Fishes are typically both prey and predators, with specialized body shapes, behavioral characteristics and chemical means for defence and “communication” with competing species12. The deep-sea environment has been found to be a source of very potent marine-derived agents with bioactive properties, such as Salinosporamide-A and Marizomib, produced by the actinomycete Salinispora with promising anticancer activity and currently undergoing Phase III clinical trials against several types of cancer13,14. Currently there is only one approved marine drug named Lovaza® from marine fish, whose active principle is composed of omega-3-acid ethyl esters, indicated as an adjunct to diet to reduce triglyceride levels in adult patients with severe hypertriglyceridemia.
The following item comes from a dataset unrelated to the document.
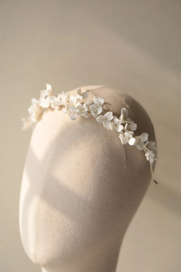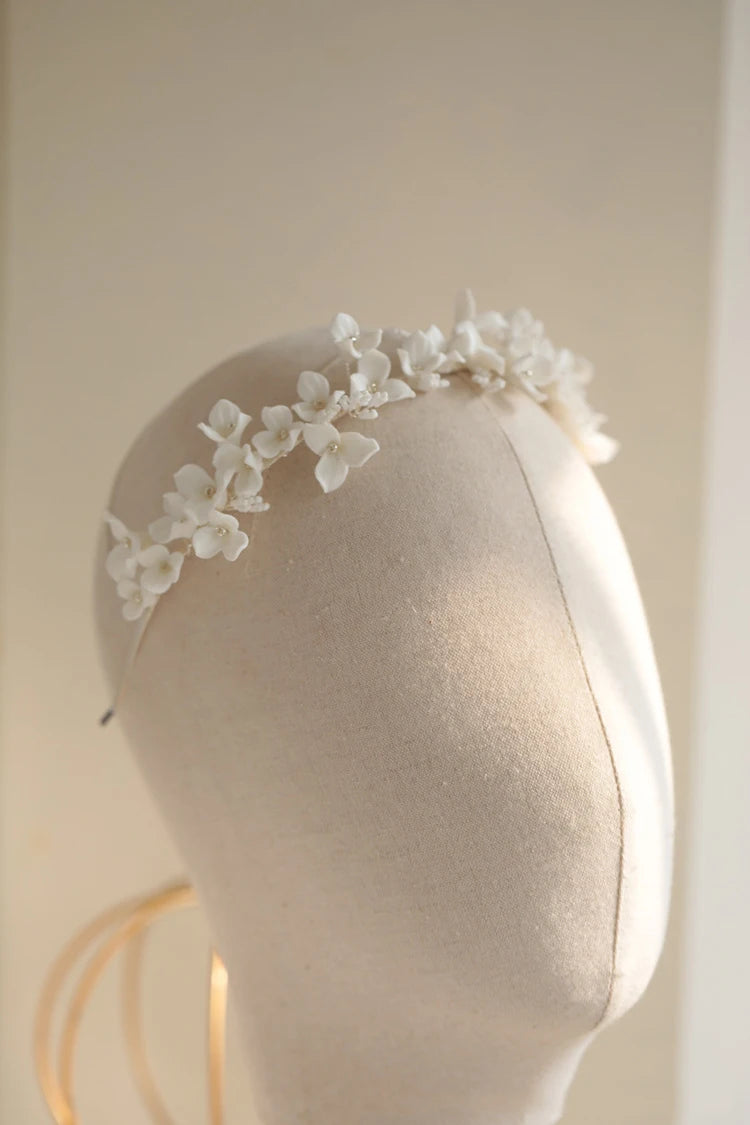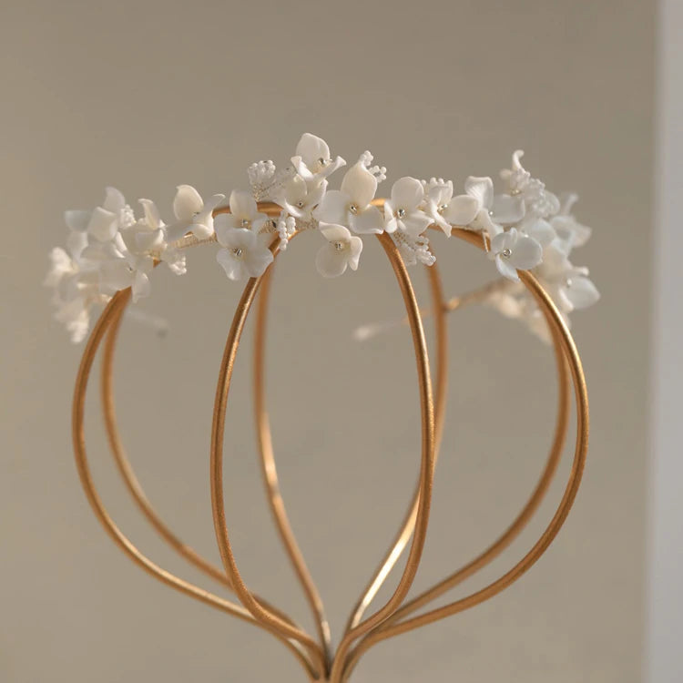 Porcelain Flower Headband Hairband For Bride Silver Color Headpiece Headdress Headwear Bridal Jewelry Wedding Hair Accessories

However, to our knowledge, mesopelagic species have never been reported to be active for the treatment of human pathologies. Finding new sources of bioactive molecules is of utmost importance, especially for drug-resistant pathologies. The constant appearance and evolution of new antibiotic resistant organisms are the strong motivation for the search for new bioactive compounds from poorly studied environments.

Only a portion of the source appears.